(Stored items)

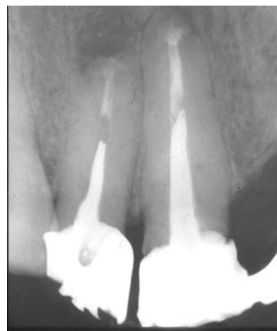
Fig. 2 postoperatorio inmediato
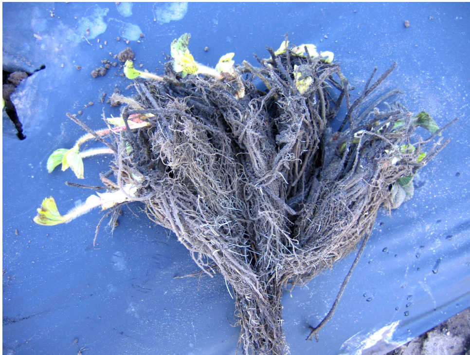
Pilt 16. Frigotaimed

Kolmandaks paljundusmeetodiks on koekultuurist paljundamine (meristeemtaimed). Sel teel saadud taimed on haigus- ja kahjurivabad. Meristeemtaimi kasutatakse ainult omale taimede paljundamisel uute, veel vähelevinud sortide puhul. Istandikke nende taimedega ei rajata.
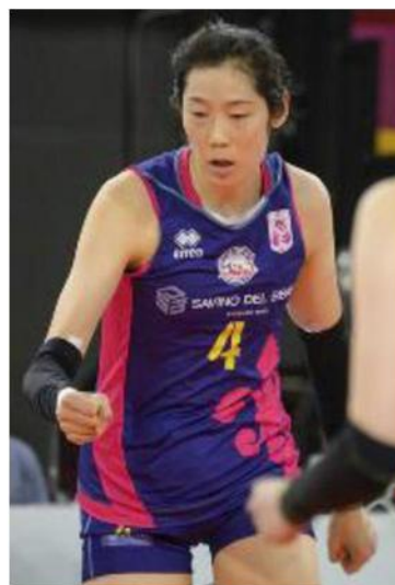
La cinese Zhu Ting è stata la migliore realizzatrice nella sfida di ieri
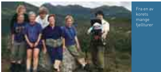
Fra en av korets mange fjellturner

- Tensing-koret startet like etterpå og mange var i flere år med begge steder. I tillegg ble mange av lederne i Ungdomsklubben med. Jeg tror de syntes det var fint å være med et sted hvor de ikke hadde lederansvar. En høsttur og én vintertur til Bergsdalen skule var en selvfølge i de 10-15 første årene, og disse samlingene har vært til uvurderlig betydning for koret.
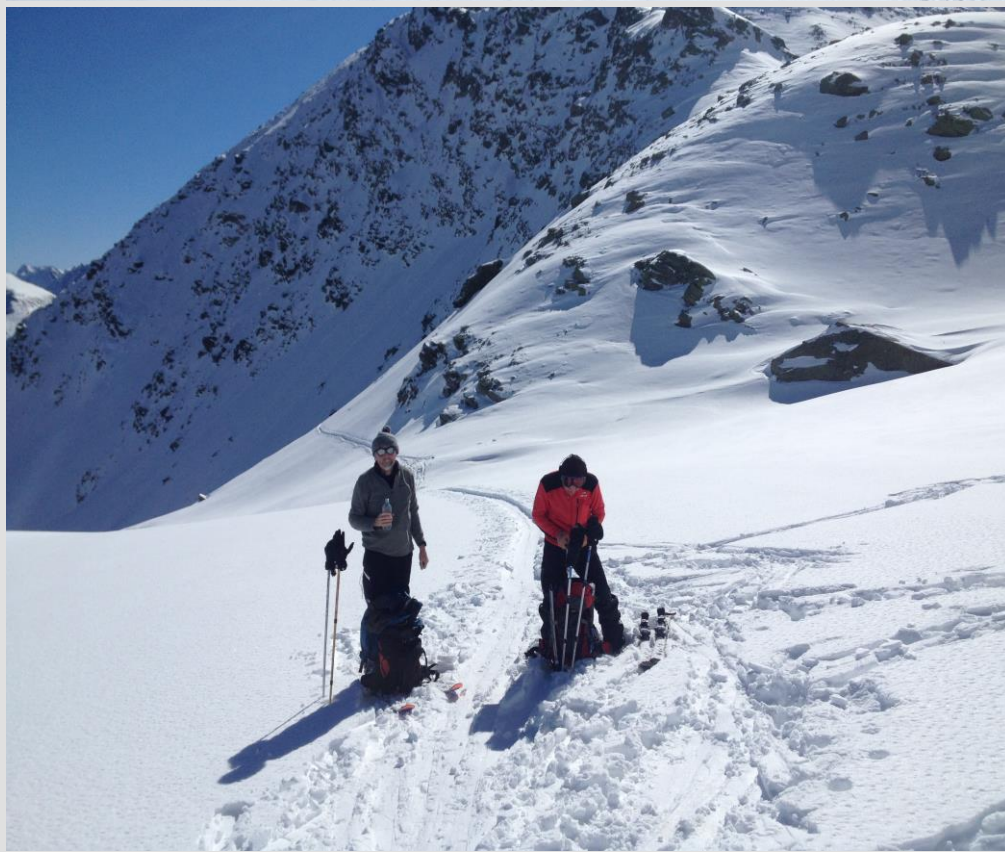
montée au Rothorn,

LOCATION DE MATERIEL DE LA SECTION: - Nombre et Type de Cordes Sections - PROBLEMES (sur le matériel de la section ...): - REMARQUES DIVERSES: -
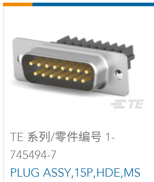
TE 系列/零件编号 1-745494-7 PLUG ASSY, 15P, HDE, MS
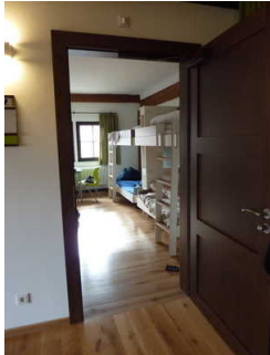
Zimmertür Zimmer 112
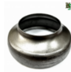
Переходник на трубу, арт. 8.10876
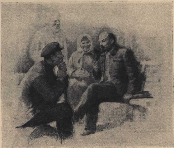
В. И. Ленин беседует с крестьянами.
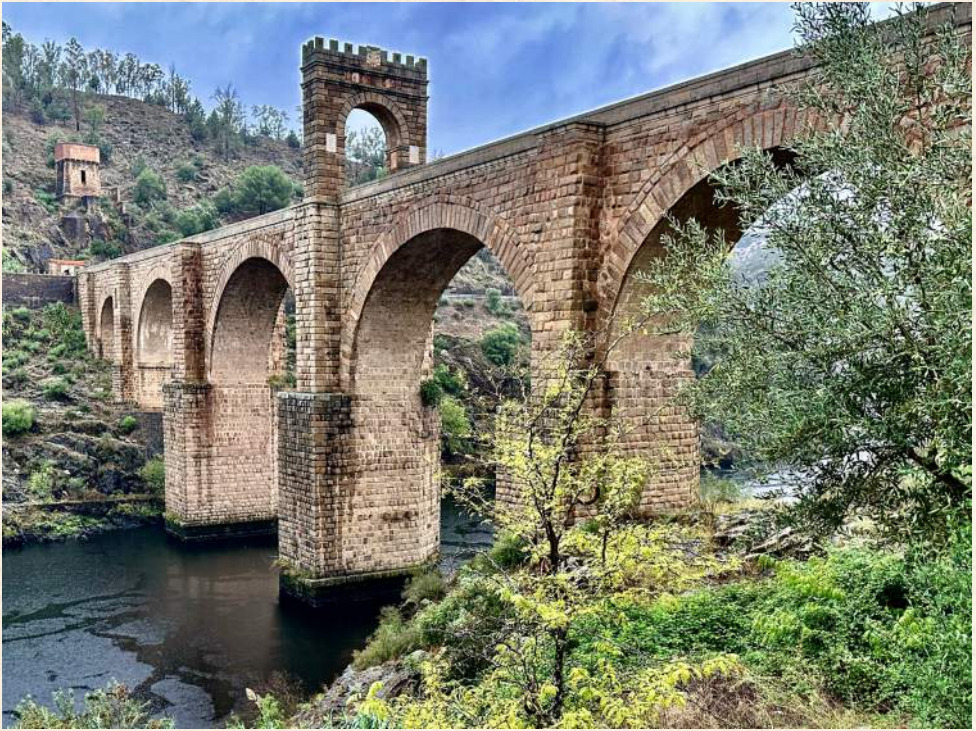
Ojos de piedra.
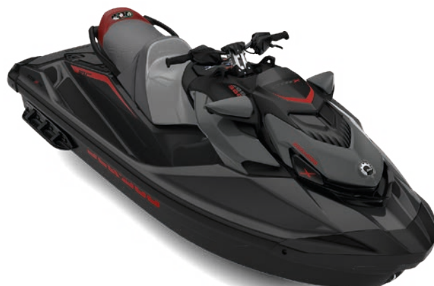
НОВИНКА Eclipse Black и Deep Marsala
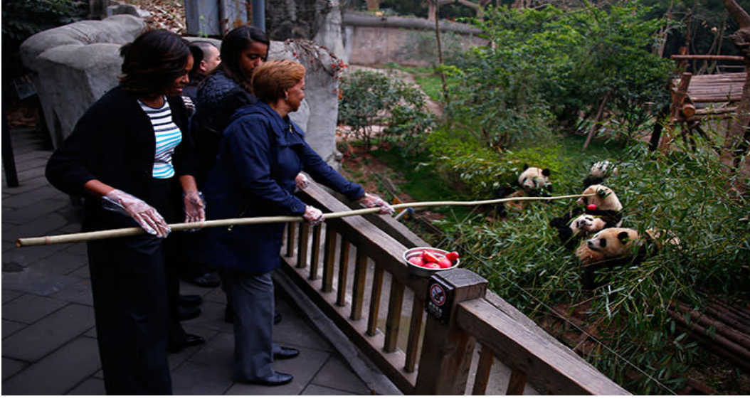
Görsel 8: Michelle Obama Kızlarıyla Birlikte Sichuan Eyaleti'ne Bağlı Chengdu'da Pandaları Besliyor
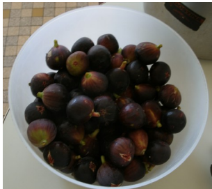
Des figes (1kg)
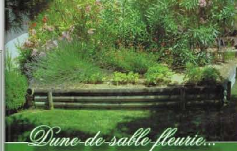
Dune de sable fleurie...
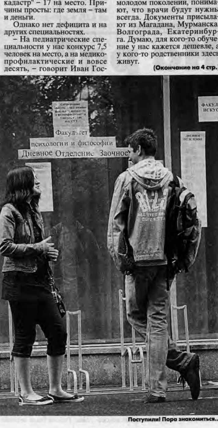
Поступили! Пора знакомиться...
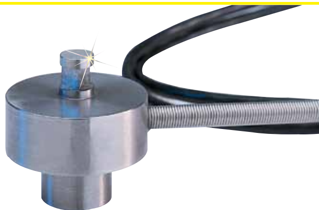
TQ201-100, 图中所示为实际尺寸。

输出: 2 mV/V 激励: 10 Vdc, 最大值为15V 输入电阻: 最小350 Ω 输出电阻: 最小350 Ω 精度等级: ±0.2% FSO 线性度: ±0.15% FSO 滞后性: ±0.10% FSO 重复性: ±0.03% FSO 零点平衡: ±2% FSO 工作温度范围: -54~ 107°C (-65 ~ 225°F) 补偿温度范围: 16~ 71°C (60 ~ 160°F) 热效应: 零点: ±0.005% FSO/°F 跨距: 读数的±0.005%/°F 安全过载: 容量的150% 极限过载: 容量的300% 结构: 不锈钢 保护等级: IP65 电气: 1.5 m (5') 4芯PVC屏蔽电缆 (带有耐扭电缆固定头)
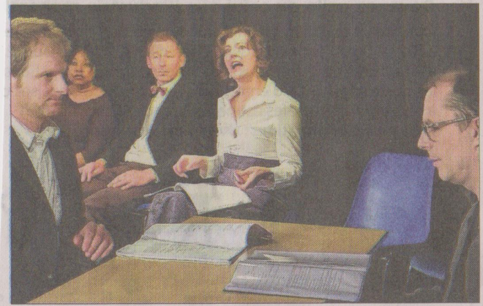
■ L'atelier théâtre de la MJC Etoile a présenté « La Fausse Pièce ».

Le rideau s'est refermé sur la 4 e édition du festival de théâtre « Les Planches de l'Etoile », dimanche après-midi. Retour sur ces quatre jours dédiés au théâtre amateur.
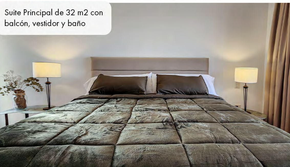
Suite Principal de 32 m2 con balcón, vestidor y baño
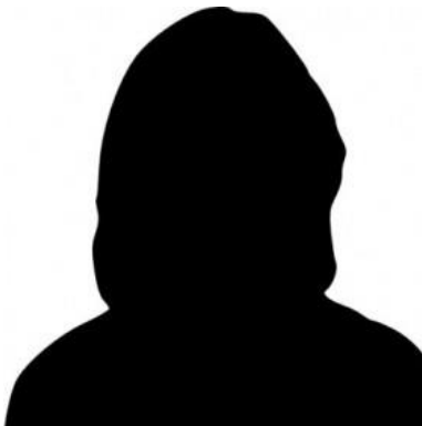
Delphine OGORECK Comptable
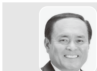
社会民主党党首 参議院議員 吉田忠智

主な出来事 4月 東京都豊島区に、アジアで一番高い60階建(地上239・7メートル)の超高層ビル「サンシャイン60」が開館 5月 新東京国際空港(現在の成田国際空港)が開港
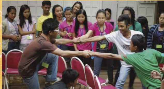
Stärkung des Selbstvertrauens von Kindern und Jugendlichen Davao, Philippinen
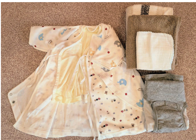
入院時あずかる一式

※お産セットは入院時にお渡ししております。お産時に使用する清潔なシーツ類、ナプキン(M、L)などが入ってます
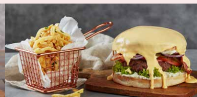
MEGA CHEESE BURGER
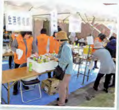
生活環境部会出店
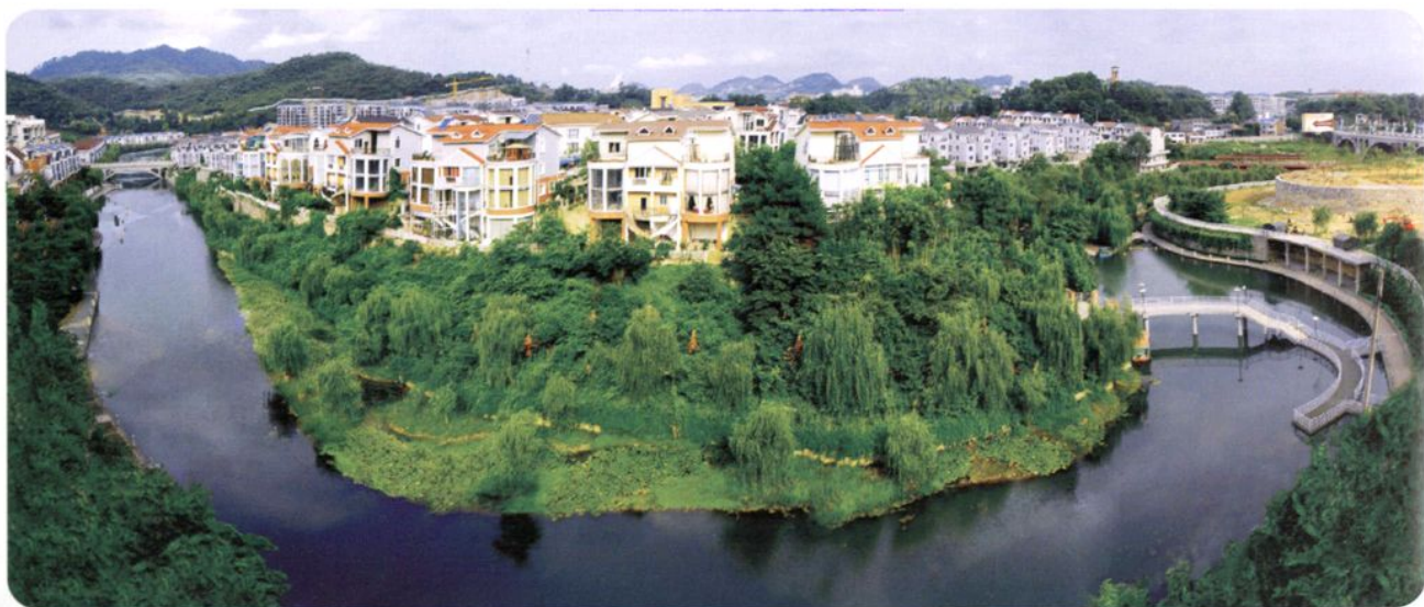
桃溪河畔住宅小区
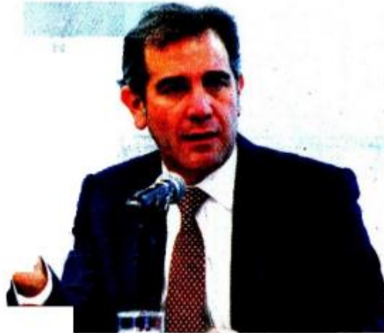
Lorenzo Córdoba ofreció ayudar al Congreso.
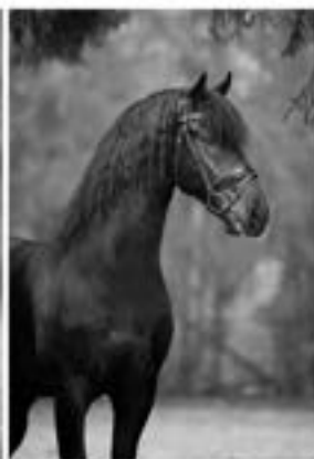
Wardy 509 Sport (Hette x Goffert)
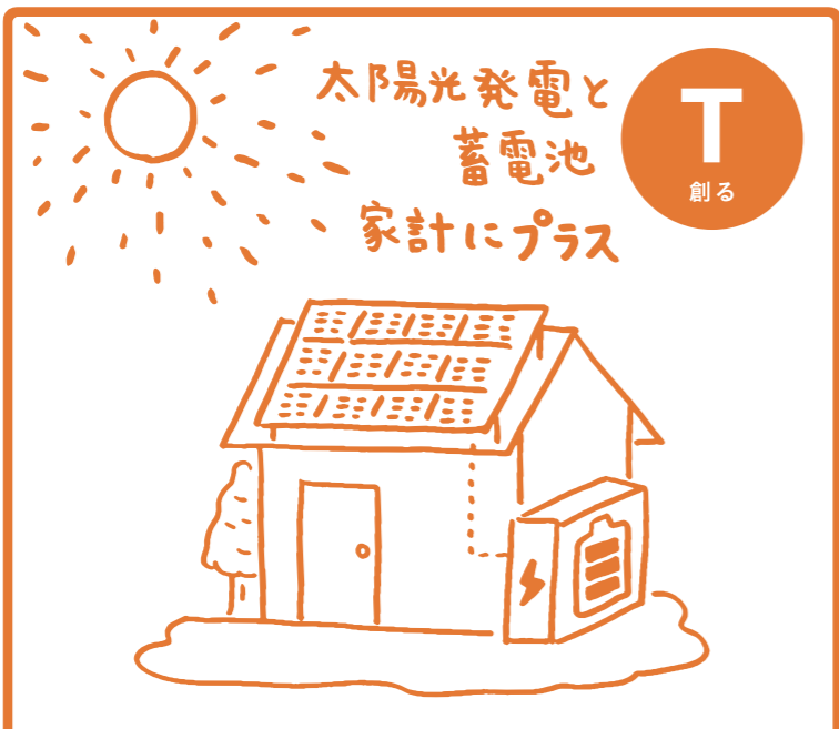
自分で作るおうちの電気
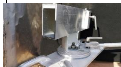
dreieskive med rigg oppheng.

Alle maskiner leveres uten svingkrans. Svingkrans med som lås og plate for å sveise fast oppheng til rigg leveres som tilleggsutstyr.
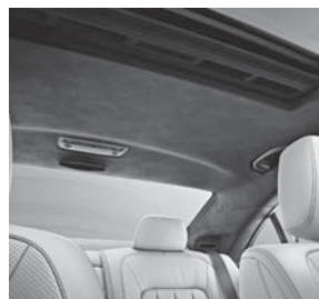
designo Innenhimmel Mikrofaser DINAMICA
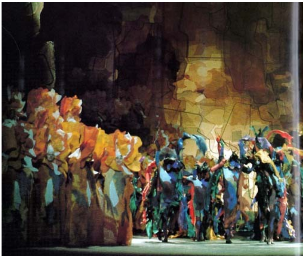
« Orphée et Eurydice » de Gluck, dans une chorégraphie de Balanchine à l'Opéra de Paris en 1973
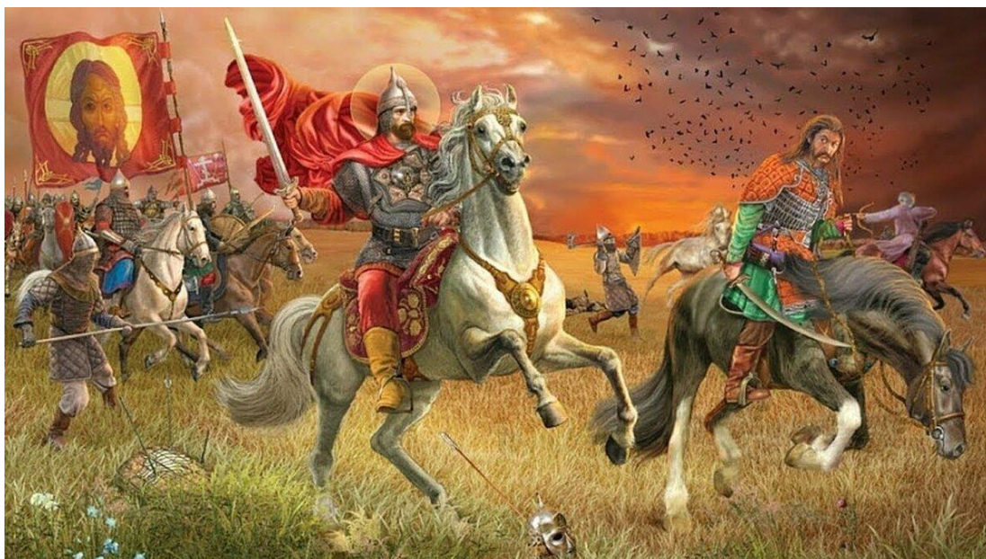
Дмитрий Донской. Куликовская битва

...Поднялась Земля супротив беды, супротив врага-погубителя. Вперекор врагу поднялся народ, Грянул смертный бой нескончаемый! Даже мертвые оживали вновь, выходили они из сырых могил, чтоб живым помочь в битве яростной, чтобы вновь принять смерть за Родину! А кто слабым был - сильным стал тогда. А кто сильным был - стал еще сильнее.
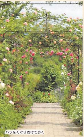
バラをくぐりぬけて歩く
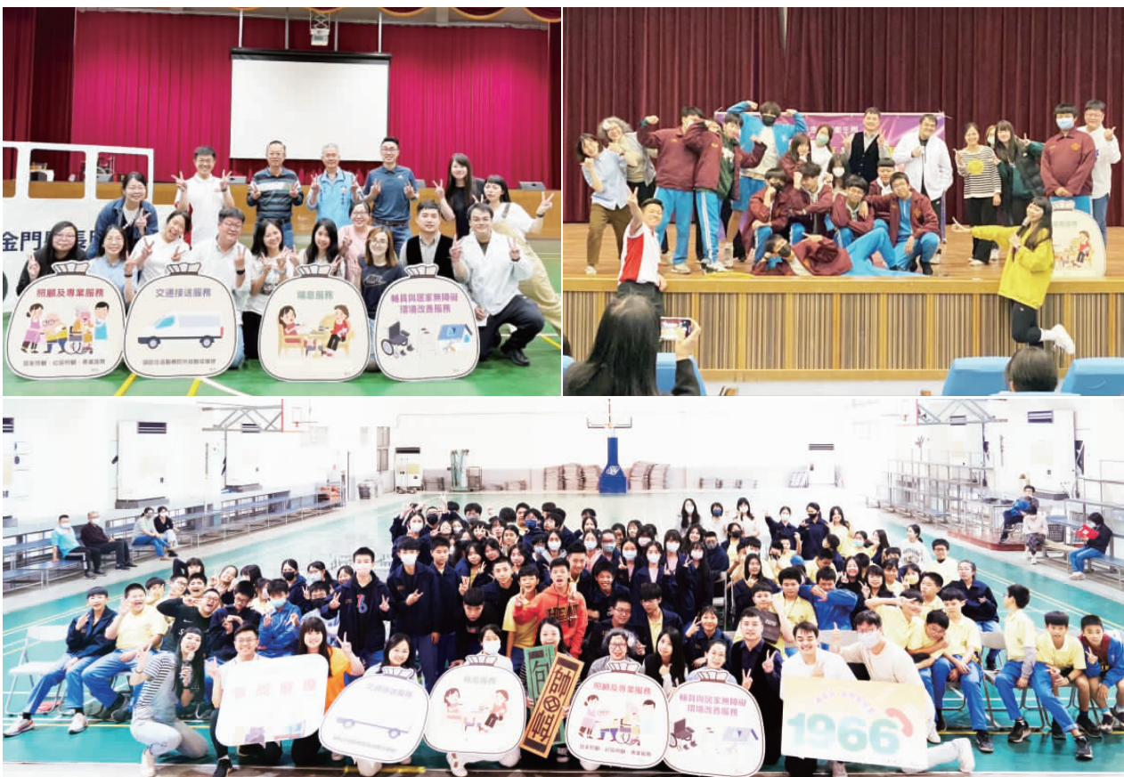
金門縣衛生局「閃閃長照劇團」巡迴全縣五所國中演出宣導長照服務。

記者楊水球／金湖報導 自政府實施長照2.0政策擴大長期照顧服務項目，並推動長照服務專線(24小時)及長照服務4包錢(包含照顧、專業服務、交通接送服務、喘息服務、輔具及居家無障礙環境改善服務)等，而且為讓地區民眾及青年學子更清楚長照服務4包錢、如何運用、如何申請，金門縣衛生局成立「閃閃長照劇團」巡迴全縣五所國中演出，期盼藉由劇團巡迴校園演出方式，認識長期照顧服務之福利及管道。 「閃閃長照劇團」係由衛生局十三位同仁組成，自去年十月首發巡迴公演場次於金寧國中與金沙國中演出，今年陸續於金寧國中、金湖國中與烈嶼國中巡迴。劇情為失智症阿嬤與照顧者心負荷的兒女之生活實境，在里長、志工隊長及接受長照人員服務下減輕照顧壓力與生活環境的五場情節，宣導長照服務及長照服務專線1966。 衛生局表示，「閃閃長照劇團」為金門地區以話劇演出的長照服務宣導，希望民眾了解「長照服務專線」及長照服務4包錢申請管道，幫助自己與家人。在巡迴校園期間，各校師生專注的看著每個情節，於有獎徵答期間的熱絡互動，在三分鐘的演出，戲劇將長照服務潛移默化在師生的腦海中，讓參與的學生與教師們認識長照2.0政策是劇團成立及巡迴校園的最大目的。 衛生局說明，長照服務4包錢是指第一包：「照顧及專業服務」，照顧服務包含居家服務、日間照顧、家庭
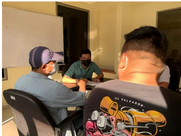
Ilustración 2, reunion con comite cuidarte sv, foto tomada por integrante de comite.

• **Work request**: Leave out any pictures and return exactly the lines from the beginning of the data through the line with "Kolmandaks paljundusmeetodiks on", inclusive.

• **Reply to the exercise**:
Fig. 2 postoperatorio inmediato
Pilt 16. Frigotaimed

Kolmandaks paljundusmeetodiks on koekultuurist paljundamine (meristeemtaimed). Sel teel saadud taimed on haigus- ja kahjurivabad. Meristeemtaimi kasutatakse ainult omale taimede paljundamisel uute, veel vähelevinud sortide puhul. Istandikke nende taimedega ei rajata.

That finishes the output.